To define signature exposures in each sample, we used a signature ‘fit’ procedure. Briefly, the number of mutations attributed to each signature in each sample were estimated using organ-specific signatures detected in their originating cohort utilizing KLD optimization (NNLM R package) and bootstrapping (200 bootstraps) (17). Point estimates of exposures were the median of the exposures obtained from bootstrapping. Exposures below 5% of the total SBS burden or below 25% of DBS burden per sample were set to zero because of the risk of over-fitting.
Reference signatures
To permit comparability across cohorts and organs, we defined ‘reference signatures’ (Fig. 1G). In brief, we clustered all common and rare mutational signatures (757 SBS or 301 DBS signatures) (tables S13 and S14) and obtained clusters of highly similar signatures (187 SBS and 60 DBS clusters). Cluster averages were termed ‘distinct patterns’ (tables S15 and S16). We assigned each distinct pattern to one of three groups: i) a reliably recurrent distinct pattern observed in multiple independent extractions; ii) a mix of two or more distinct patterns; iii) a singleton pattern found in one organ in one cohort (tables S17 and S18). Recurrent distinct patterns were additionally clustered to remove patterns that may simply be a variant of another pattern. Mixed distinct patterns that could be estimated as a combination of two distinct patterns using non-negative least squares were dismissed. Singleton distinct patterns were also curated and dismissed if they could simply be variants of other reference signatures. If they had been reported in other studies, they were retained as reference signatures. A total of 120 SBS and 39 DBS reference signatures were identified.

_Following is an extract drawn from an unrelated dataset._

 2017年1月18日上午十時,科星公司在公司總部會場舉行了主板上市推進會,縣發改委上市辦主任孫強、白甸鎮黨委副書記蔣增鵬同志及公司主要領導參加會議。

A QC status was assigned to each of the reference signatures: green, amber or red. QC green signatures were those extracted independently multiple times and/or reported in orthogonal studies. QC amber status was given to signatures with limited supporting evidence, such as signatures identified in only one extraction and not reported previously. QC red status was assigned to signatures that were mathematical or alignment artefacts. After QC, 82/120 SBS and 27/39 DBS reference signatures remained QC green (tables S19 and S20, SBS/DBS final reference signatures (tables S21 and S22), exposures (tables S23 and S24)). Conversion matrices that map reference signatures to organ-specific signatures of each cohort are in tables S25 and S26).

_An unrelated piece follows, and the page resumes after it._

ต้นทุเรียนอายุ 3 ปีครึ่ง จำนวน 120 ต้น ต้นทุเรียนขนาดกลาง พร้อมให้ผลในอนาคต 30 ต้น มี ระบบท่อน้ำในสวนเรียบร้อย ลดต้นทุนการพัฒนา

Additional analytics relating to correlations with germline and somatic driver events can be found in supplementary materials and tables S27 to S30.
Replication and transcription strand bias were calculated as in previous work (42). Briefly, we counted classes of single nucleotide variants (C>A, C>G, C>T, T>A, T>C, T>G) taking into account whether they appeared on the lagging or leading strand (according to MCF-7 reference repliseq data), or on the transcribed or non-transcribed strand (according to gene orientation) (42). A paired two-tailed Student’s t-test was used to determine the significant deviation from the ‘natural’ bias given by the regions base content. The log2 ratio was used to determine the size of the asymmetry between the two strands (table S32).
HRDetect scores were computed as previously described (17, 30). HRDetect input features are exposures of SBS3 and SBS8, proportions of short deletions at microhomology, HRD-LOH index, and exposures of rearrangement signatures 3 and 5. Rearrangement signature exposures were estimated by using KLD optimization, bootstrapping, and previously published rearrangement signatures (17). HRDetect scores were computed both as point estimates and also as a distribution obtained from 1000 bootstrapped scores, as previously described (17) (table S31).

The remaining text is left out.